Ma’asyiral Muslimin rahimakumullah,
Para ulama berbeda pendapat tentang hukum ghibah. Sebagian menggolongkannya sebagai dosa besar, sementara sebagian yang lain menganggapnya dosa kecil. Pendapat yang benar adalah dengan merinci: jika ghibah itu ditujukan kepada orang-orang saleh dan bertakwa, maka tanpa ragu itu termasuk dosa besar. Adapun jika ditujukan kepada selain mereka, maka tidak serta-merta dihukumi dosa besar.
Namun, bila seorang mukmin yang fasik digunjing sampai pada batas berlebihan, dengan menyebut-nyebut keburukannya hanya untuk bahan hiburan, maka itu pun termasuk dosa besar.
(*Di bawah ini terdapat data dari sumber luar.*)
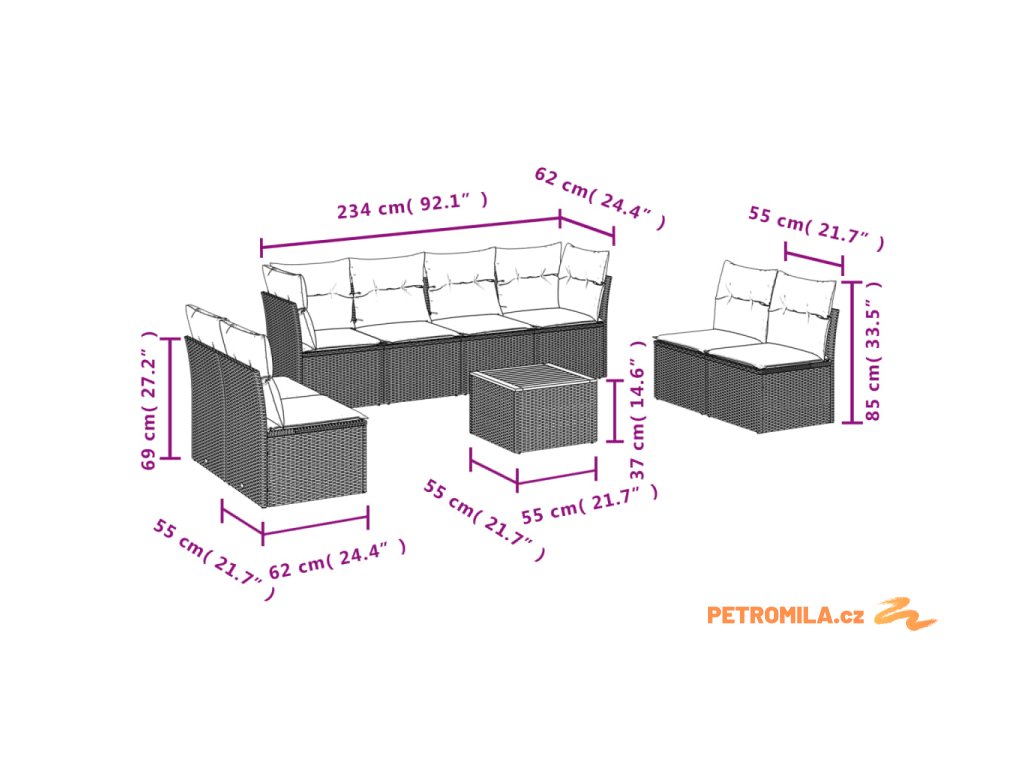 Tato zahradní sedací souprava je dokonalým doplňkem vaší zahrady, terasy nebo dvorku a poskytne vám pohodlné a příjemné místo, kde si můžete povídat s rodinou a přáteli nebo jen tak odpočívat a užívat si pobyt venku.

Hal inilah yang dimaksud dalam hadis riwayat Abu Dawud dari Sa‘id bin Zaid, bahwa Nabi bersabda:
إِنَّ أَرْبَى الرِّبَا اسْتِطَالَةُ الرَّجُلِ فِي عِرْضِ أَخِيْهِ الْمُسْلِمِ
Artinya, “Sesungguhnya riba yang paling besar adalah seorang lelaki memperpanjang lisannya terhadap kehormatan saudaranya sesama muslim.”
Perbuatan semacam ini termasuk dosa besar yang sangat berat, karena Nabi menggambarkannya sebagai riba yang paling besar, yakni dosanya sebanding dengan bentuk riba yang paling berat.
Cukuplah sebagai peringatan tentang bahaya dan keburukan ghibah firman Allah Ta‘ala:
وَلَا يَغْتَبْ بَعْضُكُمْ بَعْضًاۚ أَيُحِبُّ أَحَدُكُمْ أَنْ يَأْكُلَ لَحْمَ أَخِيهِ مَيْتًا فَكَرِهْتُمُوهُ
Artinya, “Dan janganlah sebagian kalian menggunjing sebagian yang lain. Sukakah salah seorang di antara kalian memakan daging saudaranya yang sudah mati? Maka tentu kalian merasa jijik kepadanya.” (QS. al-Hujurat)
Dalam ayat ini, Allah menggambarkan ghibah seperti memakan daging saudara sendiri yang telah mati. Sebagaimana akal yang sehat mengarahkan kita jijik memakan daging saudara yang telah mati, demikian pula agama yang lurus menuntut kita untuk membenci ghibah dan menjauhinya.